COO MasterClass Part II: The #1 Startup Failure Is Closing Top Talent
A conversation with Mark Williamson, COO of MasterClass
By Collin West
In our last article with Mark, we discussed Building High Output Teams. Now we are back to discuss practical advice on closing top tech talent...
Building a startup is unique. There is a certain level of commitment required to scale a startup that isn’t present in larger, more mature organizations.
In our discussions, Mark shared the three traits to look for when building a team that can scale exponentially. “I look for energy, intelligence, and integrity,” said Mark Williamson.
Energy, Intelligence, and Integrity
Energy is pretty clear: it requires a tremendous amount of time, motivation, and perseverance to build any startup. If people have worked in startups before – and want to do it again – it’s a good sign that they know what they’re getting into.

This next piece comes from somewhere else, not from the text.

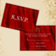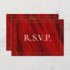 Un mariage rouge très élégant RSVP avec un motif de soie rouge ondulante, qui a également un cadre double or et une paire d'anneaux mariages dorés au sommet. Vous pouvez également consulter l'invitation correspondante qui accompagne cette RSVP, ici : https://www.zazzle.com/red_silk_and_gold_wedding_invitation-256502014561239887
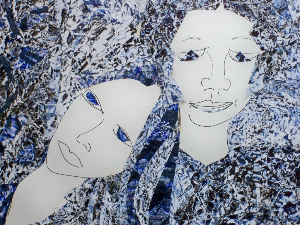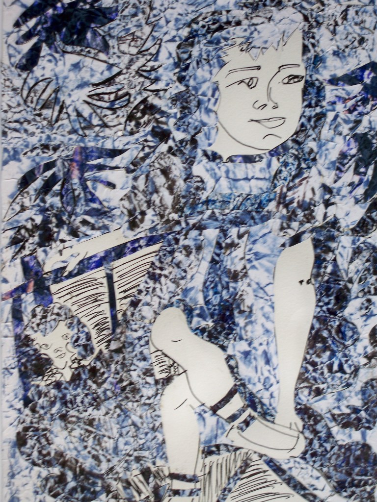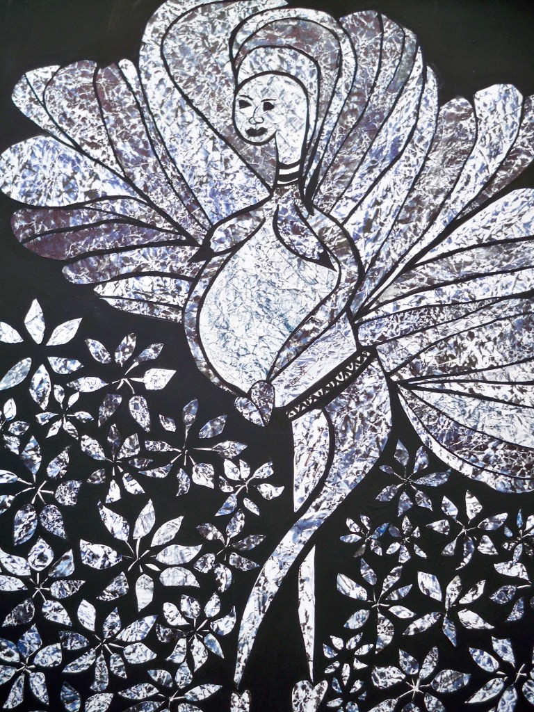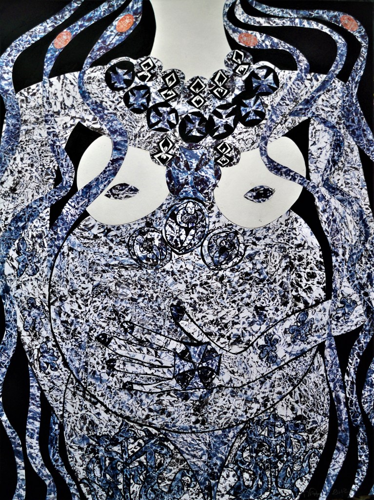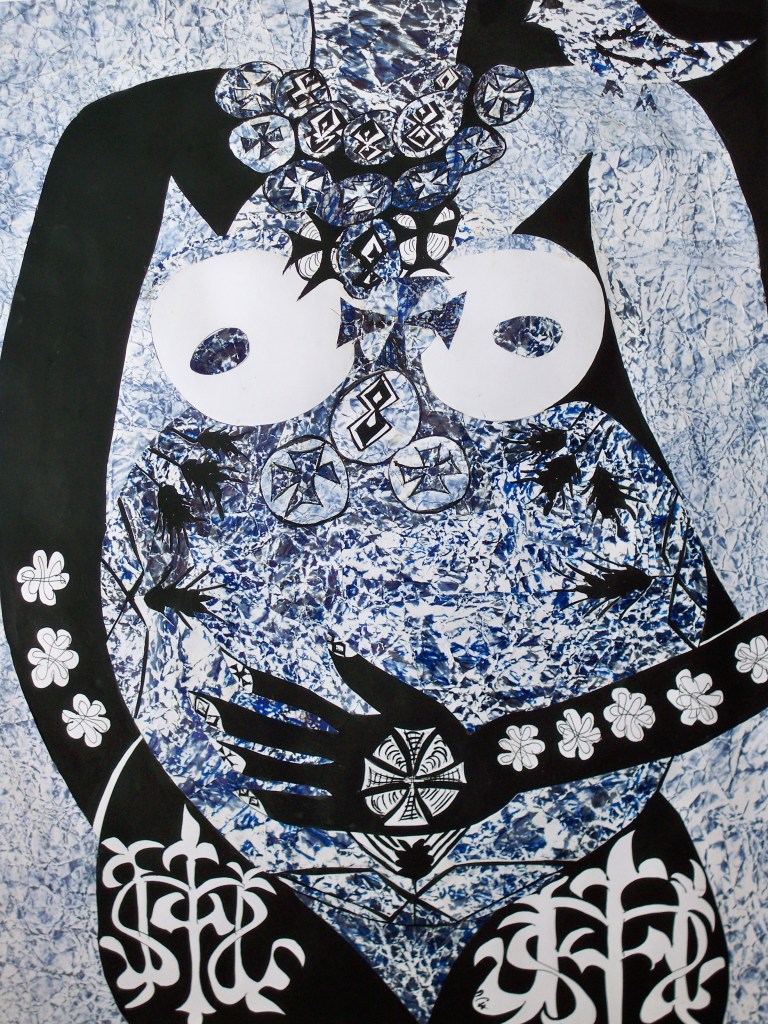 Collages sur papier et gouache, les six premiers sont de format 30/40. Les maternités sont au format raisin, 50/65cm. Ils datent de 2011 à 2014.

Intelligence is more nuanced. “I look for lateral thinkers, someone who can take a concept from one field and apply it to another. Startups always have new challenges, so you need someone who is intellectually curious and eager to learn.”
Lastly, there is integrity. Everyone has integrity in the abstract so you should avoid asking hypothetical questions. “Instead, ask about specific experiences,” said Mark. “Tell me about the biggest mistake you’ve made at work. Tell me what really happened when your back was pushed up against the wall.”
These skills are vital as you look to delegate key parts of your business to your early hires.
How to Close Top Talent
“The #1 thing people do wrong at a startup is closing top talent,” shared Mark Williamson.
The interview process should be a two-way discussion. The startup should learn about the candidate’s background, experience, and ambitions. Meanwhile, the candidate should learn about the startup, the role, and the future prospects.
Startups need to remember that talent has the upper hand, particularly people who are world-class at what they do. Yes, the salary has to be in line with expectations but that hardly is the deciding factor. There are bigger, more established companies that can always pay more.
As a result, startups need to be more creative.
“During the interview process, you need to find out what matters most to the candidate. The process should not be about the offer,” said Mark. “It should involve you showing a candidate how their skills will grow and their career will progress with your help.”
Your progression in a new job often follows an S-curve. At first, there is a steep learning curve as you get used to your new company, team, and assignments. Sometimes you’re stepping into a role for the first time and it can feel like a trial by fire.
But, whether it takes a few months or a few years, that growth will slow and you will be at the top of the S curve. Instead of having employees get bored and look for other jobs, Mark proposed that you show candidates a series of S curves that they can climb.
“Here is how you become a radically different executive in 6 years after completing these 3 S curves,” said Mark. For example, you could map out how you will support a new director of marketing to become a regional marketing lead, a global marketing lead, and eventually, into an executive officer of the company.
Conclusion
Talent makes all the difference, whether you’re at the early stage or looking to scale after a large round of venture capital. The model that Mark outlines requires you to treat hiring as seriously as you treat the sales process.
Startups should strive to provide competitive compensation packages and respond to candidates quickly. Moreover, startup executives should clearly articulate how someone’s career will progress by joining your company. Sell them on the mission, yes, but also sell them on how they can grow into the leader that they want to be.
This model allows you to retain and develop key personnel, which is crucial because top performers often bring with them other incredible potential hires in their networks.